# Smith Family Lofts does it again!!



## learning (May 19, 2006)

In case there was any doubt regarding the quality of Warren Smith's birds, you guys might want to check out the results from the Flamingo International Challenge 350 mile race held today. I won't spoil the excitement but let's just say I am one thrilled associate!! It is quite obvious that Warren is breeding some of the very finest middle distance young birds in the world.

Way to go Warren!!

Check it out at:

www.flamingoic.com

Dan


----------



## Lovebirds (Sep 6, 2002)

Congratulations!!!!! WARREN

WAY TO GO!!!


----------



## Avion (May 28, 2007)

*Race Results*

CONGRATULATIONS WARREN!!!! I think Renee hit it on the head. You have raised and trained some of the best birds around.

George


----------



## MaryOfExeter (Sep 30, 2007)

whoo! 
*throws confetti*


----------



## Skyeking (Jan 17, 2003)

Congratulations Warren!


----------



## Guest (Dec 5, 2007)

yes congrats to you , that bird really pulled off an amazing feat being that at the 250 mile race he came in 193rd place out of 200 birds in the listing ,must have eaten his wheaties that day hehe  way to go !!!


----------



## re lee (Jan 4, 2003)

I see Warren did very well raising the winning Bird. Plus getting other positions. Warren I think you are very well on the right program in the breeding loft. Good job In striving to do the best you can.


----------



## Maggie-NC (Jun 22, 2005)

Warren, congratulations on a fine race day.


----------



## bbcdon (Oct 16, 2007)

Congratulations to you on your victory.


----------



## hillfamilyloft (Jun 22, 2005)

good Job

I bet it is nice to be on that high. Shows that bird get stronger with distance. 

Randy


----------



## hillfamilyloft (Jun 22, 2005)

question for Warren

Was this years winner related to last years winner?

Randy


----------



## TAWhatley (Mar 6, 2001)

Congratulations, Warren! Very well done!

Terry


----------



## ace in the hole (Nov 27, 2007)

*Great Job Warren*

Hey, Great job Warren. I was just about to offer you a challenge. Did you read Randy's reply #5 to ( Question On Building A Racing Team ). Well, now I need to see if Randy or Renee had any birds in that race, and how they did? 
I still have a challenge for you once the smile wares off your Face! When it does, let me know. Untill then enjoy every minet of it! You deserve it for a job so well done. My hat is off to you, Mark


----------



## Margarret (May 3, 2007)

Warren,
Congratulations on your win!

Margaret


----------



## mr squeaks (Apr 14, 2005)

Golly, Warren, that's just SUPER!!

*CONGRATULATIONS!!!*

WITH HUGS AND SCRITCHES TO THE WINNER!!

SHI & SQUEAKS


----------



## Lovebirds (Sep 6, 2002)

ace in the hole said:


> Well, now I need to see if Randy or *Renee* had any birds in that race, and how they did?



Nope, I didn't..........

So, where IS Mr. Warren Smith?????????????


----------



## SmithFamilyLoft (Nov 22, 2004)

Thank you all for your words of encouragement and for your kind accolades.

 

Such a day and a race certainly does place a nice finishing touch on what has been a very encouraging season. Especially since this bird also won the Flamingo Triple Crown calcatta wagering, allowing a few extra presents to be placed under the Smith Family Loft Christmas Tree this year.  
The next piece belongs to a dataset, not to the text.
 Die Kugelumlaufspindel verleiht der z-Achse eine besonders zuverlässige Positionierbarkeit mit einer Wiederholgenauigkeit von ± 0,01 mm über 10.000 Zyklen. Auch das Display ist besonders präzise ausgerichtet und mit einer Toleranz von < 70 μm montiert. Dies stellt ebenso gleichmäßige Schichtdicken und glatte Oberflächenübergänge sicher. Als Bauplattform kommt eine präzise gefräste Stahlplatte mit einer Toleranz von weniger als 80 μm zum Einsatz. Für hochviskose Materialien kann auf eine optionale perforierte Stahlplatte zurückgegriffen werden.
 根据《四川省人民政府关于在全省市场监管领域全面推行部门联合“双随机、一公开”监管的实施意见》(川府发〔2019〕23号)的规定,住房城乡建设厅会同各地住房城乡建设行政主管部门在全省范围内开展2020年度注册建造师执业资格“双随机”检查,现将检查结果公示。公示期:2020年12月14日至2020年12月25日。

The last leg of this four race series was a bit different then some of the shorter races. The 250 mile race, as an example, with a winning speed of of 2125 yards per minute, with even the 146th position having a speed of 2000 yards per minute was what you could call a "Blow Home". The 350 mile race by contrast, by the end of the 1st day, still only has about half the birds home, and presumably they will still clock today and tomorrow. The longer distance required a different type of bird then the earlier blow home, in my estimation, it required a bird with just a bit more grit and determination. Unfortunately, some of the race entries in this last race will never make it back home, for they lacked the needed stuff for the longer harder race.
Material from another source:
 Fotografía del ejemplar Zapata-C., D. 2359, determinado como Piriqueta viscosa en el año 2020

When you consider that this event started with 500+ birds, and only 103 made it back on the day from the last race, just shows how difficult it really was to complete this four race event. To simply have a bird which made it through the training and then these four races, is indeed an accomplishment in itself. I am of course quite pleased to have had the winning bird on this final more difficult event, but it also shows that there is much more work to be done at Smith Family Loft USA, as we have not yet reached perfection, but I am encouraged that we appear to be on the right track.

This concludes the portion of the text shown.